_EXERCISE AIM_. Find the line that contains "Гости вечера начинали" in the records below, then repeat exactly that line and each one after it, leaving pictures out.

(RECORDS FOR PROCESSING Opens)

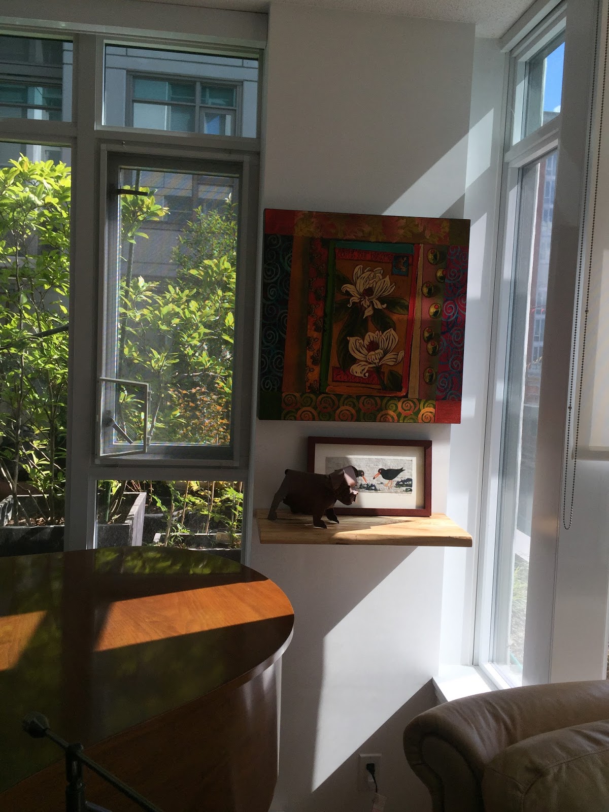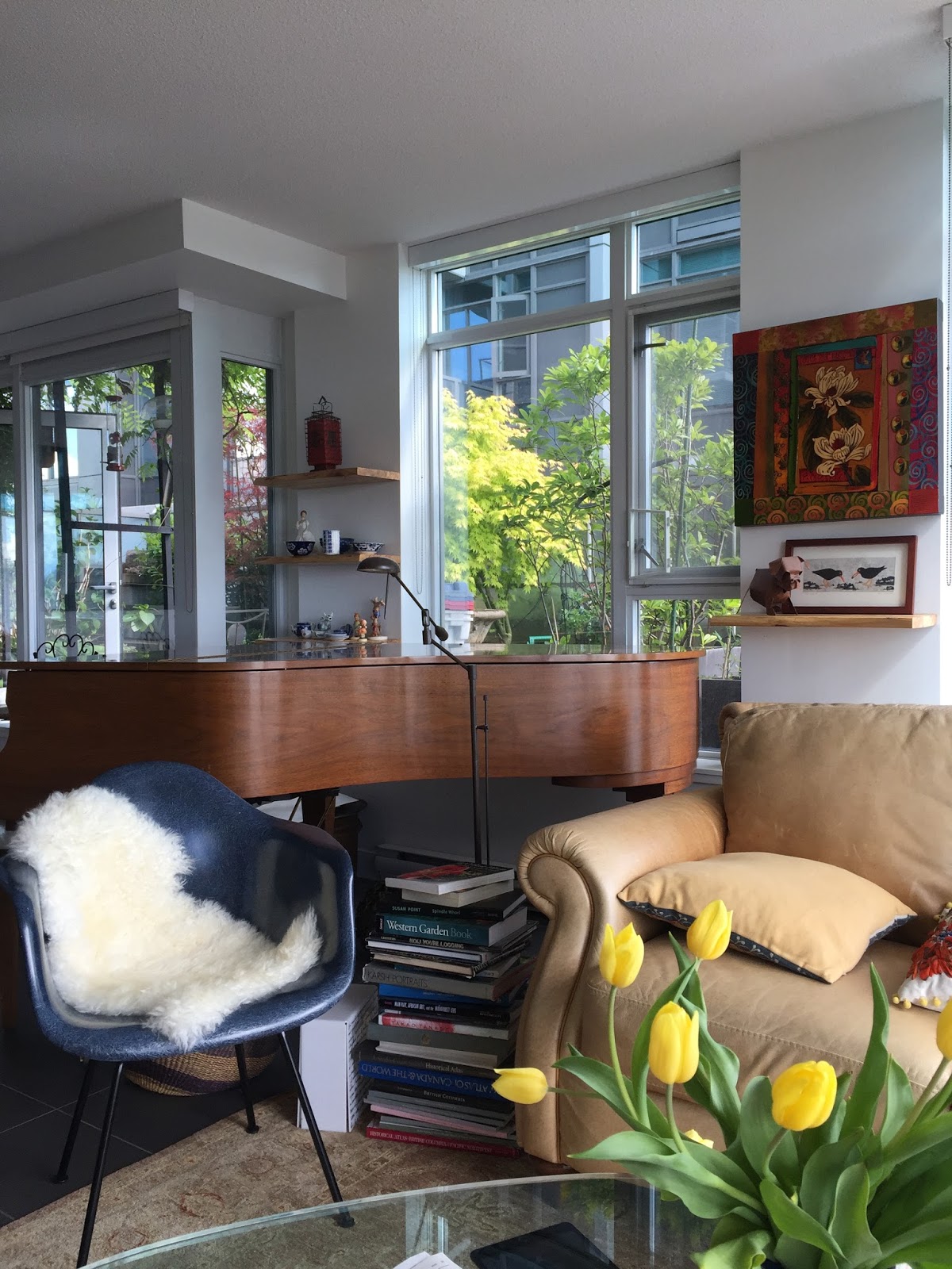Mmm, lots of greenery and light framing your condo. So many "homes" look like stage sets to me, places waiting for the actors and action. Makes sense for the young of course who may be waiting for life to somehow happen to them, if only the stage is perfectly set. For those of us who are a bit further along, living our lives, home is homier.
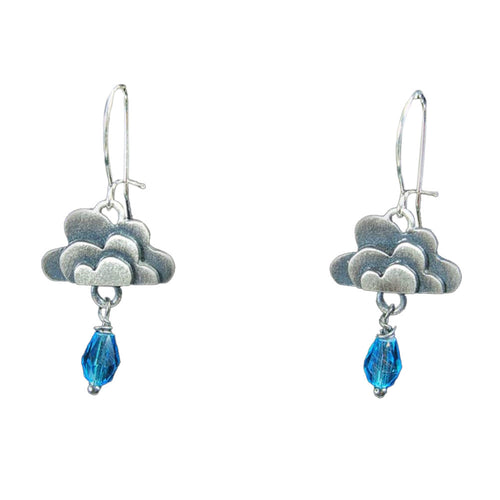 Cast sterling silver cloud charms with a blue czech glass raindrop dangle. Completed with locking sterling silver kidney wires 1 x 0.5" each.
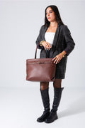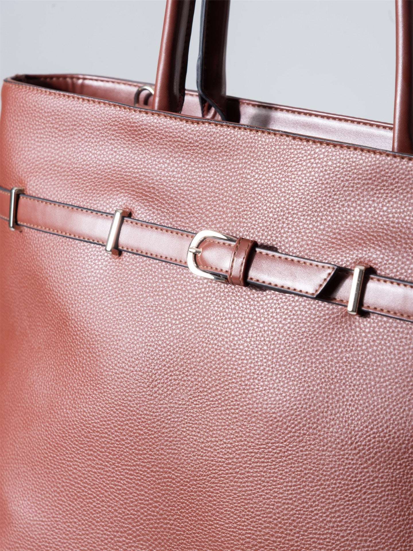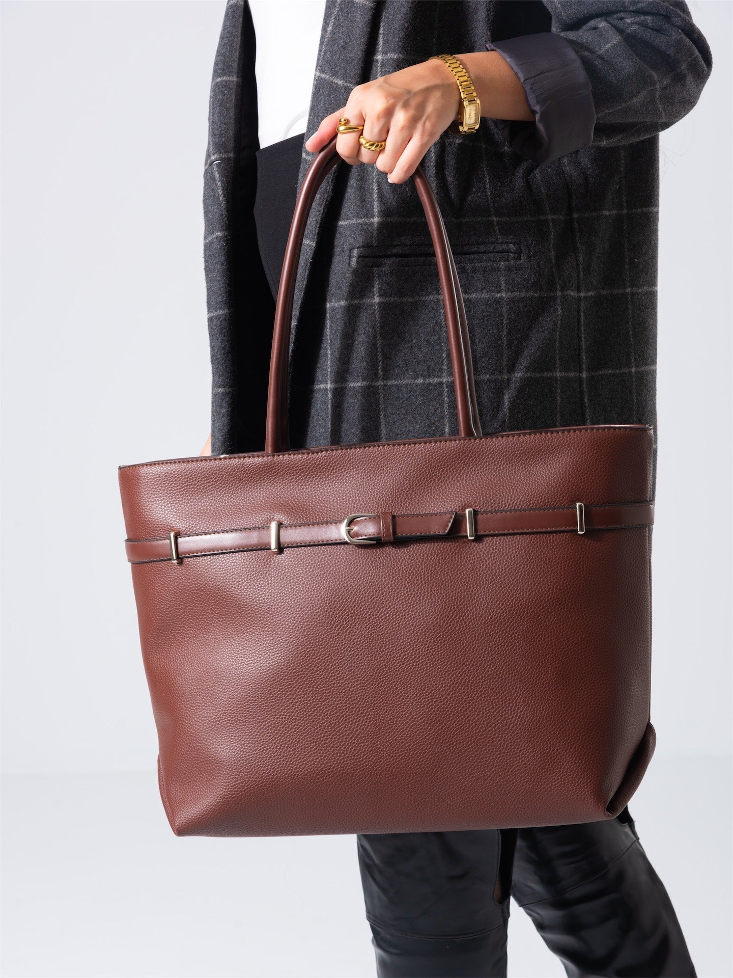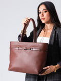 Crafted from premium materials, this classic tote combines timeless elegance with practical functionality. The distinctive belt detail adds a sophisticated touch, elevating any ensemble from casual to refined. Spacious interior accommodates daily essentials while maintaining a structured silhouette. The rich brown tone pairs effortlessly with any wardrobe, making it an indispensable accessory for the discerning professional. Durable construction ensures lasting quality and enduring style.
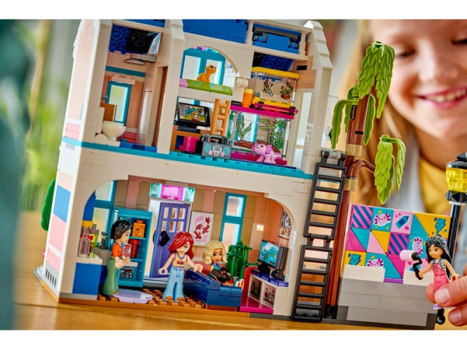 Vítejte v Liannině rodinném domě (42687), kde si děti od 7 let můžou vymýšlet vlastní příběhy. Holky a kluci prozkoumají krásný domeček LEGO® s kuchyní, obývacím pokojem, ložnicí, balkonem a zahradou. Vyzkoušejte různé koníčky – Liann a její kamarádi rádi jezdí na skateboardu, věnují se umění a pečují o gekona a axolotla. Součástí propracované hračky jsou 4 minipanenky a spousta doplňků.
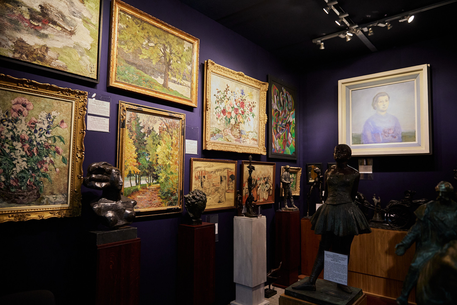 Гости вечера начинали осмотр экспозиции со стендов ведущих антикварных галерей России и частных коллекций, среди которых Suslov Fine Arts, галерея «Петербург», «Элизиум», «Искусство Востока», Антикварный салон «На Кутузовском проспекте, 22–24», «Альтруист» и многие другие. Особым вниманием пользовались произведения Алексея Саврасова, Ивана Айвазовского, Михаила Нестерова, Исаака Левитана, Петра Кончаловского, Давида Бурлюка, Николая Суетина, Александры Экстер и других знаменитых художников.
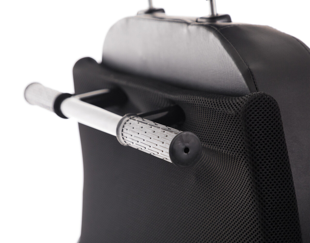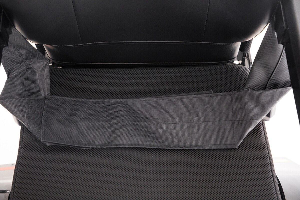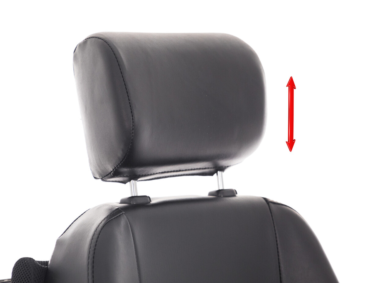 Pohodlie pri používaní invalidného vozíka zaručuje čalúnenie s imitáciou kože, ktorým je potiahnutá výškovo nastaviteľná ergonomická opierka hlavy, chrbta a lakťové opierky. Sedaciu časť tvorí mäkký penový podsedák so zipsovateľným poťahom z priedušnej sieťoviny.

(RECORDS FOR PROCESSING Closes)

_EXERCISE RESPONSE_.
 Гости вечера начинали осмотр экспозиции со стендов ведущих антикварных галерей России и частных коллекций, среди которых Suslov Fine Arts, галерея «Петербург», «Элизиум», «Искусство Востока», Антикварный салон «На Кутузовском проспекте, 22–24», «Альтруист» и многие другие. Особым вниманием пользовались произведения Алексея Саврасова, Ивана Айвазовского, Михаила Нестерова, Исаака Левитана, Петра Кончаловского, Давида Бурлюка, Николая Суетина, Александры Экстер и других знаменитых художников.
 Pohodlie pri používaní invalidného vozíka zaručuje čalúnenie s imitáciou kože, ktorým je potiahnutá výškovo nastaviteľná ergonomická opierka hlavy, chrbta a lakťové opierky. Sedaciu časť tvorí mäkký penový podsedák so zipsovateľným poťahom z priedušnej sieťoviny.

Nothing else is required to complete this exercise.